-- SUPPLIED MATERIAL follows --

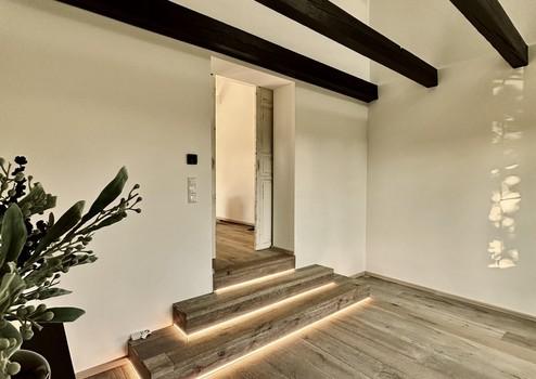 +Im gesamten Haus erwarten Sie Eichen-Massivparkett, Naturstein , sichtbare +Deckenbalken sowie ein stimmiges
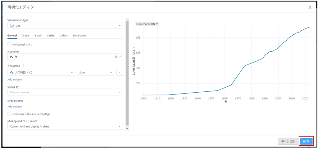 今回は、線グラフで経年での人口推移グラフを作成します。
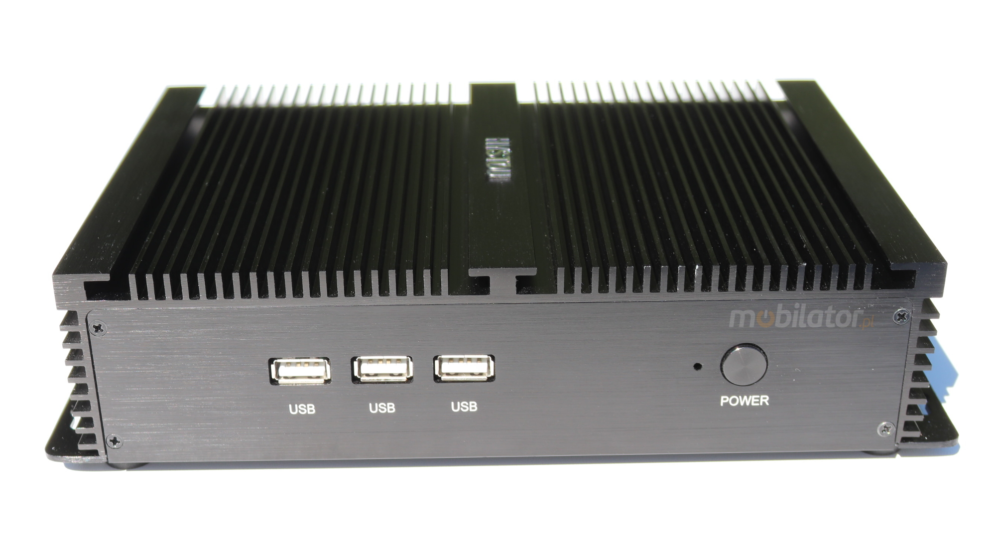 The industrial fanless MiniPC HyBOX 04PMF-i3-4010u uses a special method of cooling. This cooling takes place mainly by means of housing having a very large surface (longitudinal lamells, ribs) - for heat dissipation. Fan used inside the computer is designed to rapidly drain hot air from the CPU, allowing MiniPC to reach more efficiently and faster cooling.
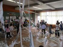本日2年生は、川原代小2年生との交流会を行いました。図工「しんぶんとなかよし」の作品作りを一緒に行いました。新聞紙を細く切ったりまるめたりしながら、教室いっぱい使ってすてきな作品を作り上げました。作成後は、お互いに作品の感想を伝え合いました。川原代の子たちも馴柴の子たちも笑顔で楽しく交流できました。
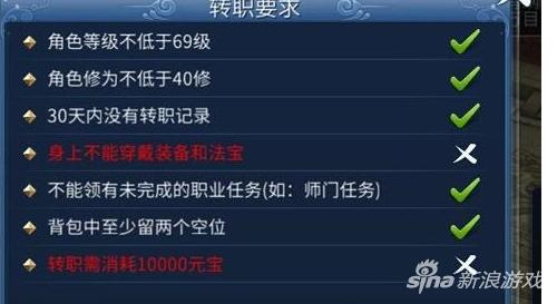 转职后的变化:转职后修炼为0,自动领悟当前等级可以自动领悟的技能,需要技能书领悟的技能全部为0级,经验、帮贡和银票根据修为返还(修炼全部返还,修为大于69全部返还)。
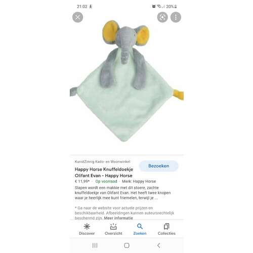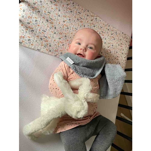 Hier een happy horse konijn-knuffeldoekje 😀 Vind het alleen wat lastig om haar ermee te laten slapen... Zodra ze 'm vastheeft lijkt ze er een soort van ruzie mee te krijgen en eet ze 'm half op.... 🙈 Pas als we 'm weghalen, speentje geven en toedekken gaat ze rustig slapen. Terwijl ik nu wel begin te zien dat ze er af en toe geborgenheid uit haalt. Dus waar doen we dan goed aan....

-- SUPPLIED MATERIAL concluded --

▶ _WHAT THE EXERCISE ASKS_
Write out the lines from the start of the material to the line with "今回は、線グラフで経年での人口推移グラフを作成します。", inclusive and exactly. Skip the pictures.

▶ _THE ANSWER_
 +Im gesamten Haus erwarten Sie Eichen-Massivparkett, Naturstein , sichtbare +Deckenbalken sowie ein stimmiges
 今回は、線グラフで経年での人口推移グラフを作成します。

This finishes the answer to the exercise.